A investigação etnográfica realizada com a finalidade de observar comportamentos das pessoas em relação aos meios de comunicação pressupõe a inserção do pesquisador no ambiente investigado e em geral, objetiva observar como se processa a recepção das mensagens dos mass media, como elas são entendidas, decodificadas

e reelaboradas... A etnografia está mais preocupada com os elementos constitutivos do cotidiano que perpassam as relações das pessoas com a mídia na perspectiva da construção de significados a partir da exposição aos conteúdos do meio de comunicação, no universo da cultura (PERUZZO, citado por DUARTE; BARROS, 2005, p. 136).

Na observação etnográfica realizada no presente trabalho foram registrados os seguintes aspectos do cotidiano da família participante da investigação, tendo como parâmetro a pesquisa sobre telenovela realizada por Lopes, Borelli e Resende (2002): espacial: lugares funcionais da casa, bem como a distribuição de objetos; temporal: tempos de rotina familiar; e as práticas: atividades dos membros da família e, principalmente, como se dá a assistência da televisão e do programa Tempo Quente.
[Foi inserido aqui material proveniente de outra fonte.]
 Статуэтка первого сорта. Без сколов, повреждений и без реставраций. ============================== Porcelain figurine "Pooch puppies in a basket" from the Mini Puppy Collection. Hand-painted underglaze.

É claro que o pesquisador não pôde ficar o tempo todo com a família. Portanto, a convivência se deu, na maior parte do tempo, nos horários de exibição do programa, das 13 às 14 horas e, às vezes, durante a tarde. A presença constante, por três meses, aos poucos, foi tornando o pesquisador “invisível”, possibilitando o surgimento de situações de interação com a família.